The block copolymers can continue, but this is no longer protected here. with unmodified propylene polymers are mixed, when the reduction in the content of acrylic compound in a particular copolymer it is asked for.

The block copolymers obtained are converted into films by customary processes for propylene polymers. Fibers and other objects. In articles produced in this way, the block copolymer according to the invention shows greater color absorption than the propylene polymers not modified in this way without significantly affecting the desirable mechanical properties of the unmodified propylene polymer.

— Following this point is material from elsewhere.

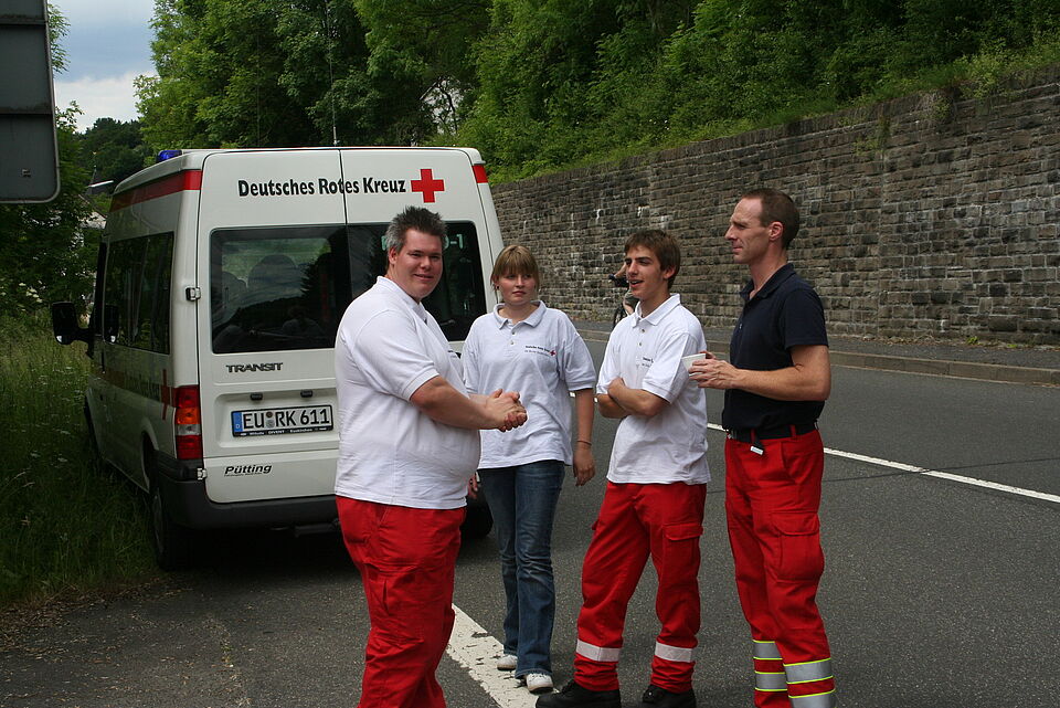 Auch in diesem Jahr war das Rote Kreuz im Kreis Euskirchen wieder zahlreich vertreten, um für die Sicherheit der Teilnehmer zu sorgen. Mehrere Rettungswagen, Streckenposten und ein Notarzt waren vor Ort.

The block copolymers according to the invention are particularly receptive to acidic dyes.
Unless otherwise stated, all parts and percentages in the following examples are parts by weight and% by weight.

example 1

To a 1 liter heated steel reaction vessel was placed 0.65 grams Aluminum chloride / titanium chloride, AICb · 3 TiClj, and then 8.4 ml! molar diethyl aluminum monochloride given what an Al / Ti molar ratio of 2 corresponded. The reaction vessel was pressurized to 1.05 atmospheres with gaseous hydrogen, and 400 ml of liquid propylene monomer was added. The reaction mixture was heated from 24 to 60 ° C. with stirring and was kept on this for 40 minutes Temperature held. The reaction vessel was vented and depressurized to remove traces of propylene monomer 15 Mv.uten with gaseous Purged with argon. The system was sealed to the atmosphere, and the polypropylene Gaseous ammonia was added to the reaction vessel containing up to a pressure of 0.21 atü. To With stirring for 5 "minutes, the ammonia was deaerated and its traces by a stream of argon removed. The system was closed and oxygen was introduced into the reactor up to a pressure of

3n 0.7 atü initiated. After stirring for a further 5 minutes, the oxygen was vented and the reactor briefly with it Purged with argon gas.

Then 50 ml of distilled water were added to the reaction vessel. Given dimethylaminoethyl methacrylate at 35.5 ° C.

The temperature rose to 60.5 ° C. as a result of the exothermic reaction. where they sit without further heating for 40 minutes held. The reaction vessel was then cooled and opened. The reaction product was used 2 times equal parts of a hot isopropanol / rl'eptane mixture washed. The dried polypro-

pylene / poly-idimethylaminoäthylaerylatJ block copolymer weighed 230 g, had a density of 0.933 g / ml and a melt index (ASTM D-1238-62T) of 5.0 at 230 ° C. According to infrared analysis, the product contained 9% dimethylaminoethyl methacrylate. The extraction Part of the product with ethyl acetate showed no effect on the methyl acrylate content of the polymer. This shows the formation of a block copolymer.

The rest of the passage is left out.